The general trend in India shows a significant increase in startup activity, with many companies focusing on building global products. Investors are actively investing a substantial amount of venture capital, which is certainly beneficial for the country. We are noticing a rise in FinTech, development tools, and B2B startups emerging from India. For example, when we introduced Freshstatus during our Refresh Conference last year, it was designed as a promotional bundle specifically for startups. This bundle combined our Freshdesk, Freshsales, and Freshmarket products into an affordable package to support young startups with their front office needs. We launched it in November, and the initial response has been promising, with numerous startups already utilizing the service. We have established a dedicated startup program team to promote this package not only in India but globally, aiming to get Freshworks products into the hands of rapidly growing startups at an early stage.

Speaker 6

Great, that's really helpful. Thanks, Girish.
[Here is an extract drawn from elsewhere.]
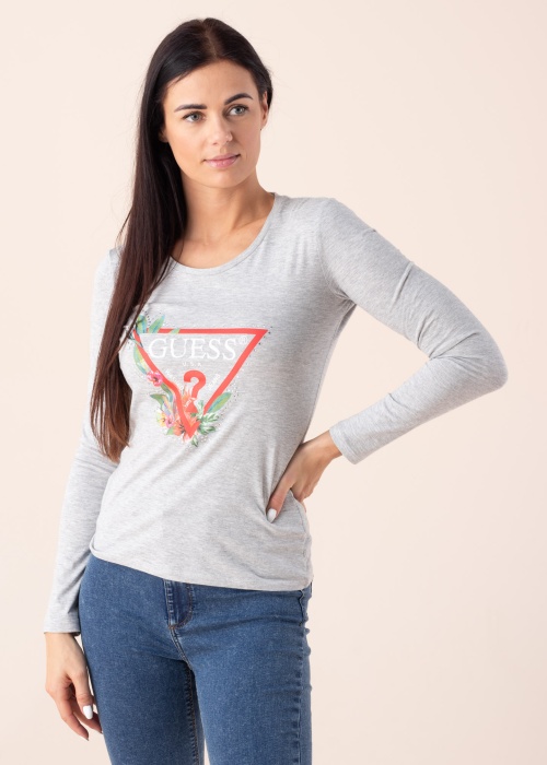 Mīļš un sievišķīgs Guess T-krekls ar garām piedurknēm Nelli ir izgatavots no zīdaini mīkstas kokvilnas. Uz lādes ir skaists zīmola logotips, kas dekorēts ar ziediem un akmeņiem. Patīkami mīkstajā audumā ir arī organiskā kokvilna, kas ir maiga gan ādai, gan videi. Modelis ir 176 cm garš un valkā S izmēru. Materiāls: 100% kokvilna. Krāsa: pelēka.
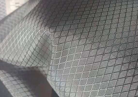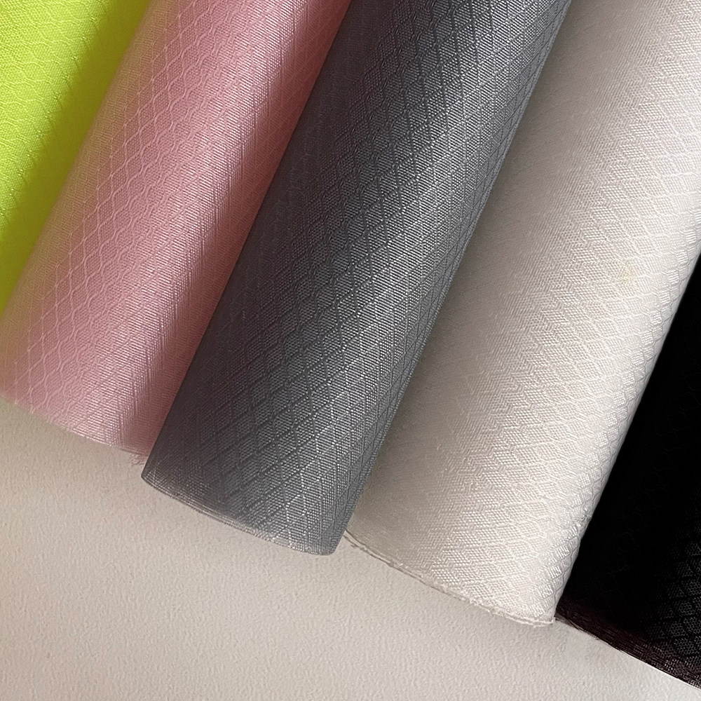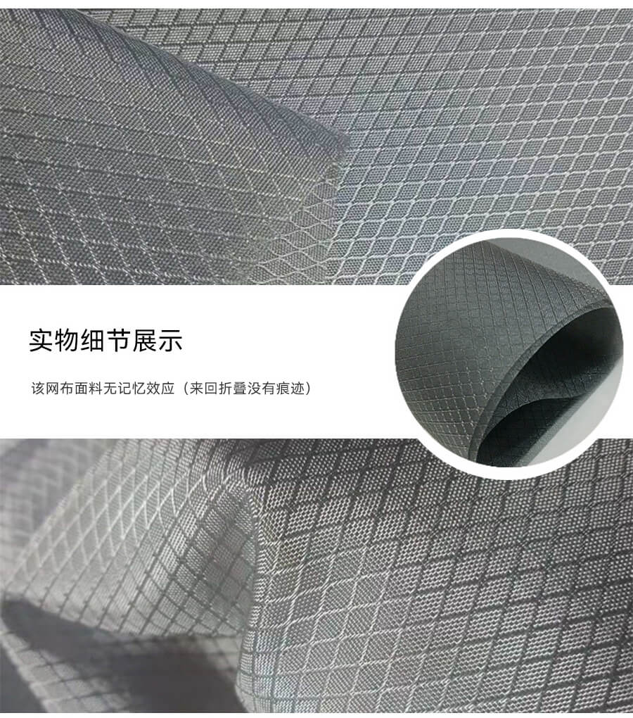 這種織物采用兩種編織技術,提花和條帶編織。它是指使用單根復絲進行織造和提花織造。這種尼龍面料的形狀是由復絲編織的方格和單絲提花技術編織的小四角組成的復合面料。

And then Tyler, just for you. Appreciate the breakdown of the color on the billings growth and the variability there, but was wondering to the extent that you can provide a little bit on the cut of free cash flow thoughts relative to this year. Also, very helpful the way you broke it out by quarter. Is the incremental spending there? Any color just to understand. I know that you guys have laid out some product initiatives, which Girish just repeated and then the additional costs and hiring, but wondering if you could just add a little bit more color around some of the variability in that free cash flow outlook for the year. Thank you guys.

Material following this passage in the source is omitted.